Here's a table similar to the one above, with the C.F. forms
of three important mathematical constants compared.
π = [3; 7, 15, 1, 292, 1, 1, 1, 2, 1, 3, 1, 14, 2, 1, 1, ...]
e = [2; 1, 2, 1, 1, 4, 1, 1, 6, 1, 1, 8, 1, 1, 10, 1, ...]
φ+1 = [1; 1, 1, 1, 1, 1, 1, 1, 1, 1, 1, 1, 1, 1, 1, 1, ...]
| π | e | φ+1 | |||
|---|---|---|---|---|---|
| 3.141592654 | 2.7182818288 | 1.618033989 | |||
| approximants | |||||
| 1st | 3.000000000 | 2.000000000 | 1.000000000 | ||
| 2nd | 3.142857143 = 22/7 | 3.000000000 | 2.000000000 | ||
| 3rd | 3.141509434 = 333/106 | 2.666666667 | 1.500000000 = 3/2 | ||
| 4th | 3.141592920 = 355/113 | 2.750000000 | 1.666666667 = 5/3 | ||
| 5th | 3.141592653 | 2.714285714 | 1.600000000 = 8/5 | ||
| 6th | 3.141592654 | 2.718750000 | 1.625000000 = 13/8 | ||
| 7th | 3.141592653 | 2.717948718 | 1.615384615 = 21/13 | ||
| 8th | 3.141592654 | 2.718309859 | 1.619047619 = 34/21 | ||
| 9th | 3.141592654 | 2.718279570 | 1.617647059 = 55/34 | ||
| 10th | 3.141592654 | 2.718283582 | 1.618181818 | ||
| 11th | 3.141592654 | 2.718281718 | 1.617977528 | ||
| 12th | 3.141592654 | 2.718281835 | 1.618055556 | ||
| 13th | 3.141592654 | 2.718281823 | 1.618025751 | ||
| 14th | 3.141592654 | 2.718281829 | 1.618037135 | ||
| 15th | 3.141592654 | 2.718281828 | 1.618032787 | ||
| 16th | 3.141592654 | 2.718281828 | 1.618034448 | ||
With the C.F [3; 7, 15, 1, 292, ...] it is no surprise that π has the excellent rational approximations shown. But with the C.F. [0; 1, 1, 1, 1, 1, 1, ...], φ is the "most irrational" number of all -- observe how slowly its approximants converge. (Observe also that these fractions come directly from the Fibonacci series!)
Does the efficacy of Golden Ratio Scheduling Policy depend on the first key property of φ: that it is the solution of the simplest non-trivial quadratic equation? Or on the second key property of φ: that it is the "most irrational" of numbers?
Answer: Both properties are relevant! The first key property makes the Policy efficacious when the number of buses is small. The second key property makes the Policy efficacious when the number of buses is large.
If you use 0.6000 (36 minutes) instead of 0.6180 (37.1 minutes) you'd have an approximation to the quadratic root and would get good behavior for up to five buses. With six or more buses, however, all buses would use one of the first five schedules.

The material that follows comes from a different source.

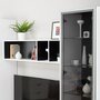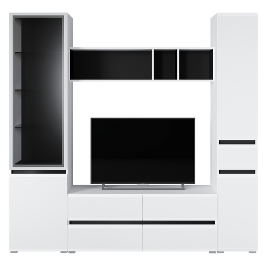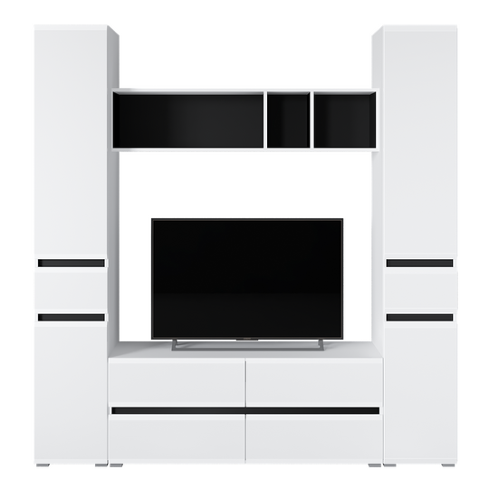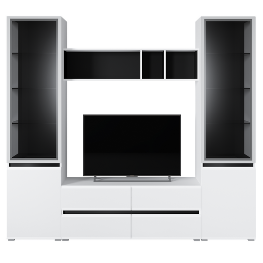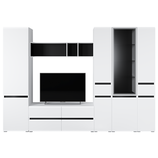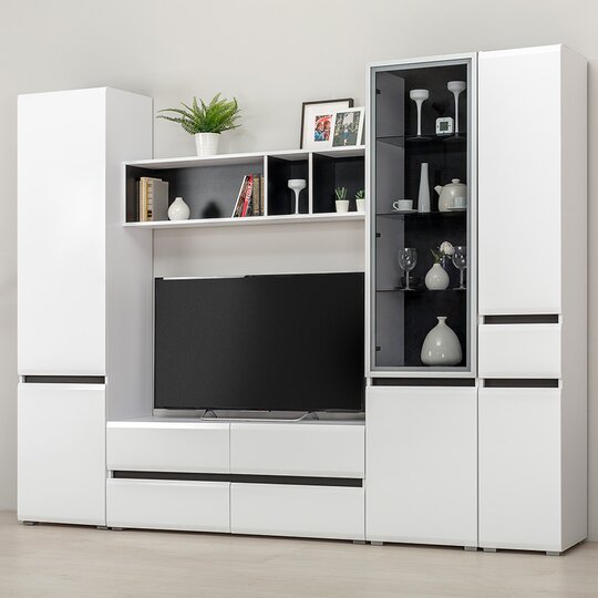 Современное, модное и стильное решение для гостиной - коллекция Сидней. Лаконичные белые глянцевые фасады создают ощущение чистоты и свежести, лёгкости, свободного пространства. Акцентом выступают чёрные горизонтальные вставки между фасадами и серое тонированное стекло витрины. Фасады могут открываться за край, либо нажатием, с помощью механизма push-to-open. Все распашные фасады оснащены доводчиками, что обеспечивает плавное закрывание и исключает удар о корпус.

On the other hand, the ratio (5 - √5)/10 = 0.2764 (13.8 minutes) would get off to a poor start: schedules with 2, 4, 5, or 6 buses would seem quite poor. But this ratio is not too close to any small rational numbers (its C.F. form is [3, 1, 1, 1, 1, 1, 1, 1,...]) and, like φ, works well when the number of buses is large.
(I wanted to prepare some charts depicting these results ... but there's so little time. :-) )
Anyway, I thought it rather neat that the efficacy of the Golden Ratio Scheduling Policy depends on BOTH the special properties of φ.